Recorded data →
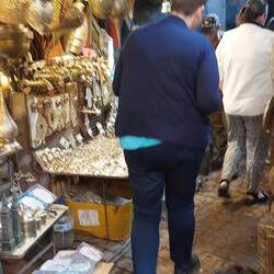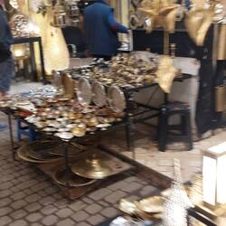 Etwa auf halber Strecke landeten wir wieder in dem Laden, den wir schon von letzter Woche kannten, wo uns Öle und Gewürze angeboten wurden. Wir blieben diesmal draußen. Anschließend besuchten wir einen Berbershop, eine Kooperative, die sich in einem Hinterhaus in einer sehr schmalen Gasse befand. Ehrlich gesagt hatten wir kurz ein mulmiges Gefühl – wir dachten, hier kann doch unmöglich etwas sein. Doch dann öffnete sich das Haus und offenbarte mehrere Räume voller Keramik, Lederwaren, Lampen und vieler weiterer Handwerkskunst. Wirklich beeindruckend.
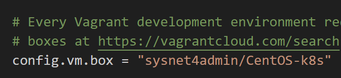 config.vm.box = "sysnet4admin/CentOS-k8s" 로 입력 하고
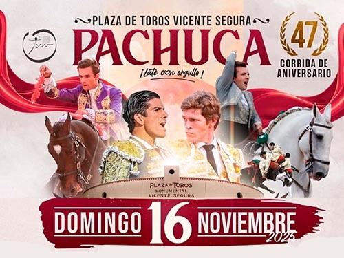 Los rejoneadores Fauro Aloi, Javier Funtanet, el grupo de Forcados de Pachuca y Amadores de México, los matadores Ernesto Javier "Calita" y Borja Jiménez, conforman el cartel por el 47 aniversario de la plaza "Vicente Segura", donde lidiarán un encierro de ocho toros de Montecristo.
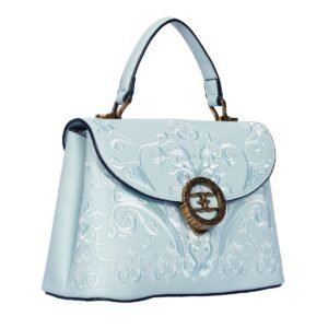 the Esbeda RegalMint Embroidered Top-Handle Bag, a statement accessory crafted to elevate your style. This beautifully designed handbag features intricate white embroidery over a soft mint backdrop, giving it a graceful and royal charm. The unique gold emblem clasp at the center adds a touch of luxury while providing secure storage for your essentials.

Task objective → Every line above is to be given again exactly, apart from the pictures.

Response box →
 Etwa auf halber Strecke landeten wir wieder in dem Laden, den wir schon von letzter Woche kannten, wo uns Öle und Gewürze angeboten wurden. Wir blieben diesmal draußen. Anschließend besuchten wir einen Berbershop, eine Kooperative, die sich in einem Hinterhaus in einer sehr schmalen Gasse befand. Ehrlich gesagt hatten wir kurz ein mulmiges Gefühl – wir dachten, hier kann doch unmöglich etwas sein. Doch dann öffnete sich das Haus und offenbarte mehrere Räume voller Keramik, Lederwaren, Lampen und vieler weiterer Handwerkskunst. Wirklich beeindruckend.
 config.vm.box = "sysnet4admin/CentOS-k8s" 로 입력 하고
 Los rejoneadores Fauro Aloi, Javier Funtanet, el grupo de Forcados de Pachuca y Amadores de México, los matadores Ernesto Javier "Calita" y Borja Jiménez, conforman el cartel por el 47 aniversario de la plaza "Vicente Segura", donde lidiarán un encierro de ocho toros de Montecristo.
 the Esbeda RegalMint Embroidered Top-Handle Bag, a statement accessory crafted to elevate your style. This beautifully designed handbag features intricate white embroidery over a soft mint backdrop, giving it a graceful and royal charm. The unique gold emblem clasp at the center adds a touch of luxury while providing secure storage for your essentials.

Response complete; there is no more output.